A decade ago in October 2012, a superstorm, hurricane Sandy, ravaged the Caribbean countries Jamaica, Cuba, Haiti, the Dominican Republic, The Bahamas, and the U.S. Mid-Atlantic and Northeastern states. According to the National Oceanic and Atmospheric Administration (NOAA) of the United States, Sandy caused 72 direct deaths and $81.9 billion in damages. In New York, there were 14.31 feet of tidal waves, 153 km/hour winds, and relentless rainfall for 48 hours. It was unprecedented and unimaginable, and a study published on May 18, 2021, in the Nature Communications journal, attributed it to the sea level rise caused by climate change.
Climate change is happening throughout the world due to global warming which in turn is the result of increased levels of greenhouse gases, mainly carbon dioxide (CO2), in the atmosphere.
Thus, the two catastrophes mentioned above are by no means exceptional weather events.

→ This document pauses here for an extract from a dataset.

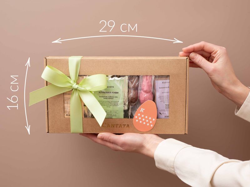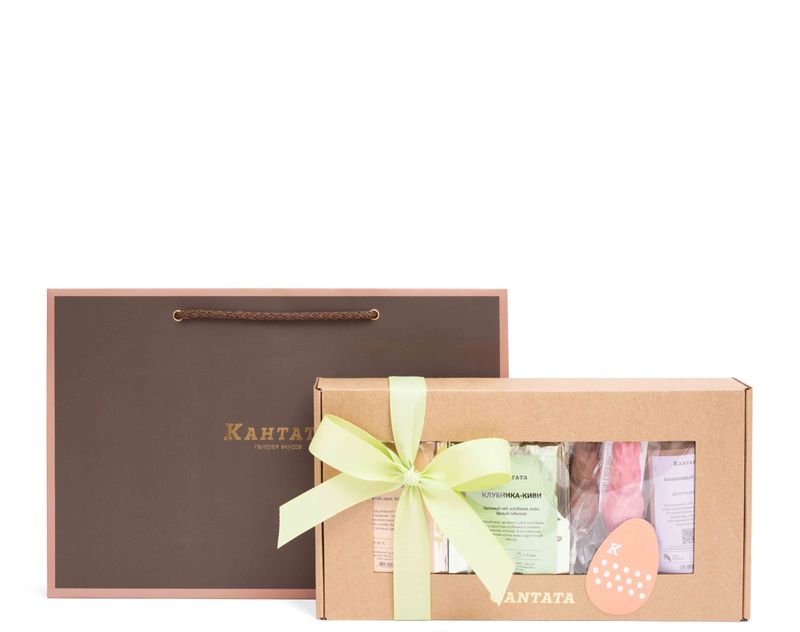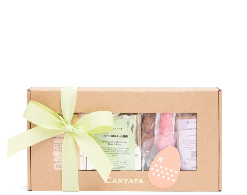 Очаровательный подарок на Пасху! Внутрь приятной крафтовой коробки мы поместили три ароматных напитка – весенний купаж зеленого чая «Клубника-Киви», благородный черный чай «Золотые спирали» и аппетитный десертный кофе «Банановый Сплит». На десерт – дуэт задорных Братцев Кроликов, выполненных из клубничного и молочного шоколада.

In the words of Amitav Ghosh, as he remarks in his book ‘The Great Derangement: Climate Change and the Unthinkable,’ ‘it appears that we are now in an era that will be defined precisely by events that appear, by our current standards of normality, highly improbable: flash floods, hundred-year storms, persistent droughts, spells of unprecedented heat, sudden landslides, raging torrents pouring down from breached glacial lakes, and, yes, freakish tornadoes.’